Last week the United Nations Working Group on Arbitrary Detentions released a document in which it made the judgment. Based on the Working Group’s reading of the events leading to Lopez’s detention on 18 February and his ongoing trial, the organisation argued that “the arrest of Mr. Leopoldo Lopez constitutes an arbitrary detention”.
Lopez (43) is a long time government opponent and member of one of the country’s most influential families. He was arrested a week after he led a large opposition demonstration in central Caracas on 12 February which ended in three deaths and the destruction of the front of the Attorney General’s office. What appeared to be rogue intelligence officers were also present, and were caught on video shooting at protesters.
The demonstration was part of a strategy of opposition street demonstrations and barricades called “The Exit” which the administration of President Nicolas Maduro argued was an attempt to force it from office. Over three months 43 were killed and hundreds wounded, with fatalities including security officers, civilian bystanders and activists from both the opposition and chavismo.
Lopez is now standing trial for public instigation, criminal association, property damage and fire starting. He and his supporters deny all charges and blame the 12 February violence on security forces and allegedly armed pro-government groups. Lopez’s wife and political supporters have lobbied internationally for his release.

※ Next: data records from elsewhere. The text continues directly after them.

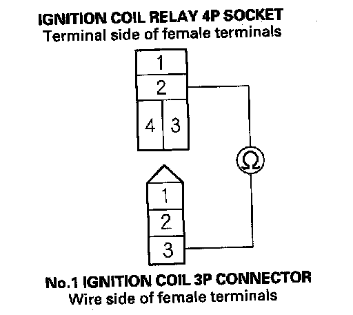 4. Check for continuity between ignition coil relay 4P socket terminal No. 2 and No. 1 ignition coil 3P connector terminal No. 3.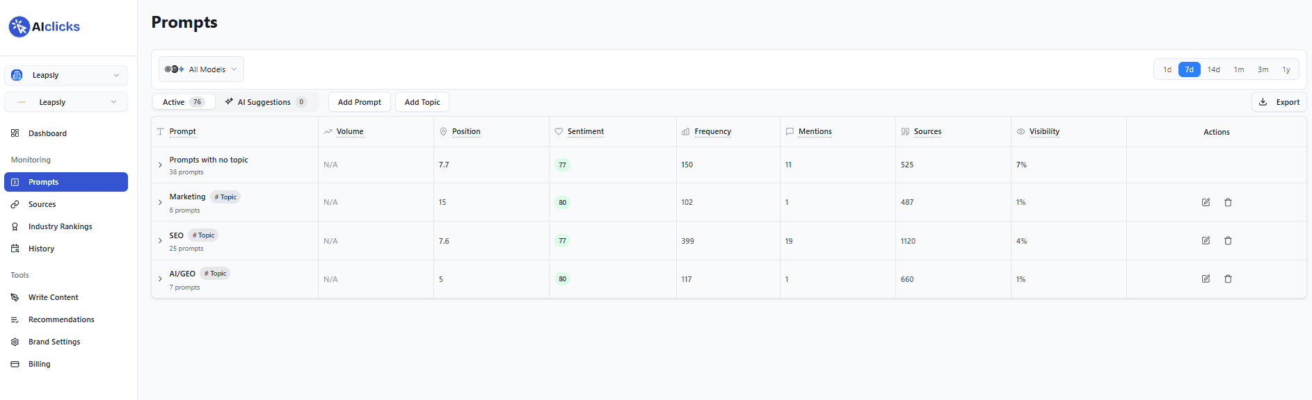 Use an AI visibility dashboard (like ours at aiclicks.io). This gives you a bird’s-eye view: which prompts mention your brand, how many times you’re cited, and which sources AI agents trust most.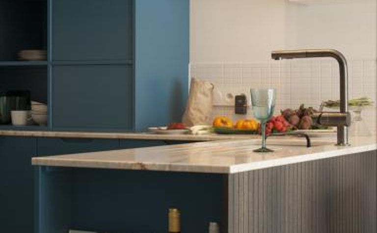 Kuchnia z niebieskimi szafkami i marmurowym blatem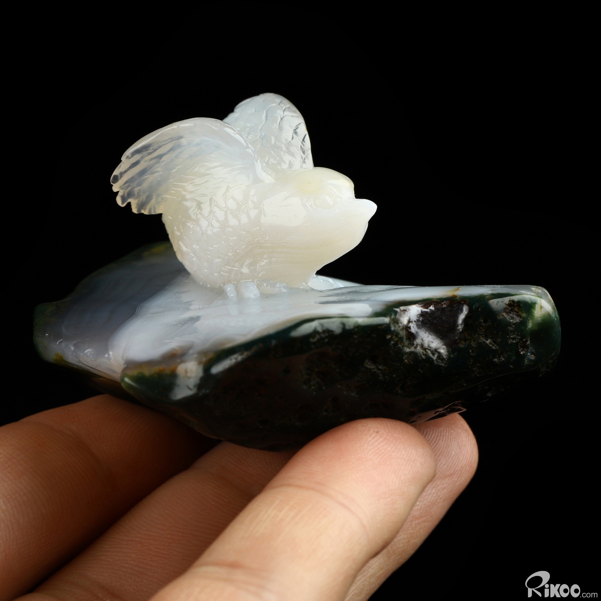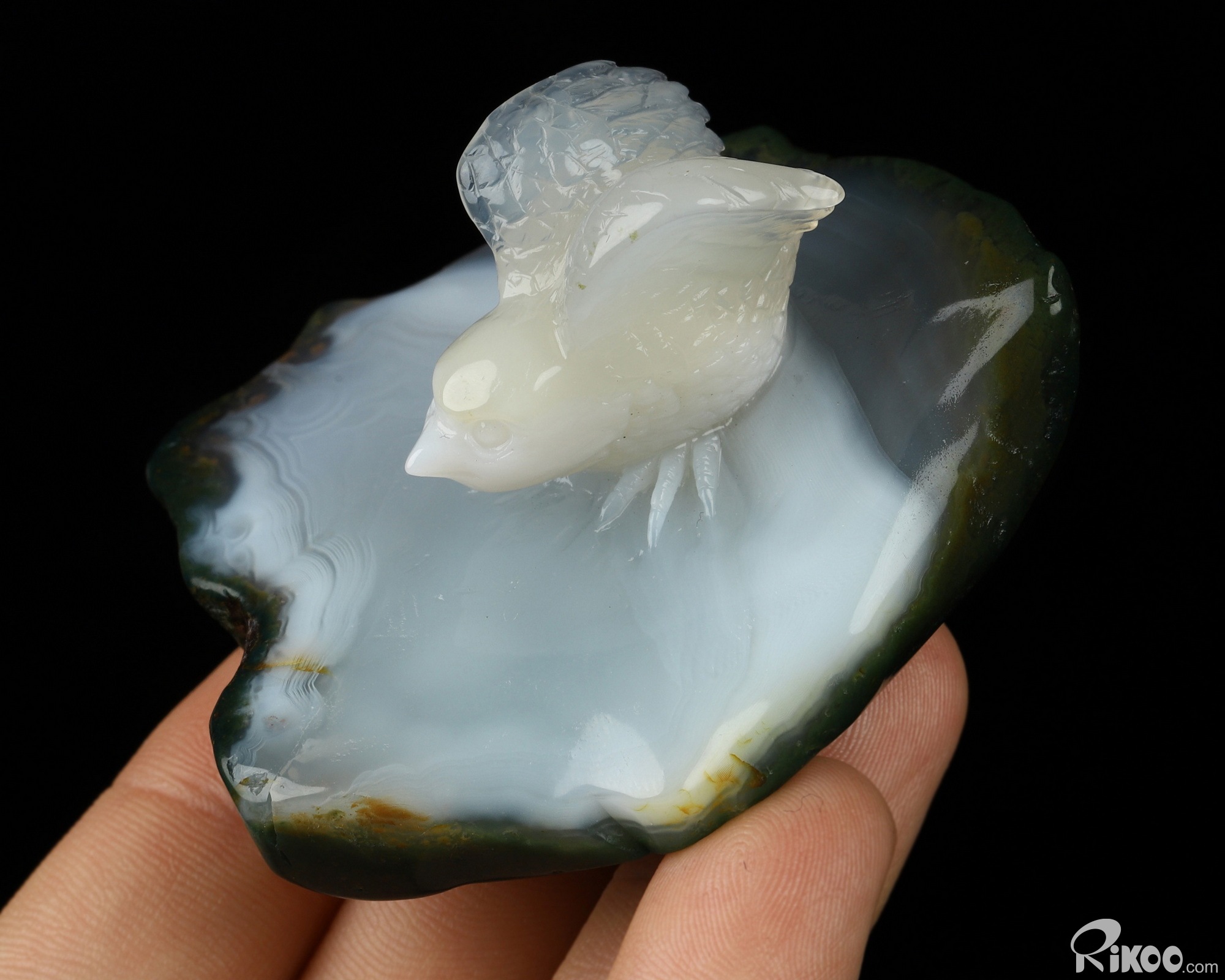 2.5" Gray & White Agate Hand Carved Crystal Animal Sculpture, Crystal Healing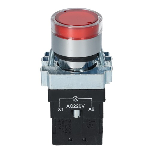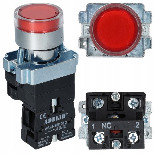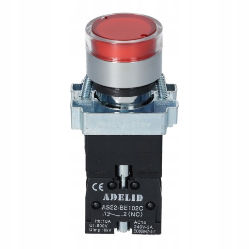 Przycisk sterowniczy z przyciskiem STOP w kolorze czerwonym podświetlanym jest wyposażony w wytrzymały, metalowy kołnierz. Średnica montażu wynosi 22mm.

On Friday, Venezuelan foreign minister Rafael Ramirez responded to the statement from the Working Group on Arbitrary Detentions. “As we told the [U.S.] State Department not to interfere in our affairs, so we say to any working group of any institution,” the minister said in a press conference.
Ramirez added that Lopez’s trial “is taking place in the framework of our laws…in which we can’t interfere”.
Ana Elisa Osorio, a deputy for the governing United Socialist Party of Venezuela (PSUV) in the Latin American parliament, further argued that the Working Group statement is only an opinion, and Venezuela is under no obligation to follow the recommendation.
The Working Group has since released another statement, this time recommending the release of former opposition mayor Daniel Ceballos based on the argument that he did not receive a fair trial.
Ceballos and one other opposition mayor were jailed for 12 and 10 ½ months respectively in March for refusing to observe a Supreme Court order to dismantle opposition street barricades in their municipalities.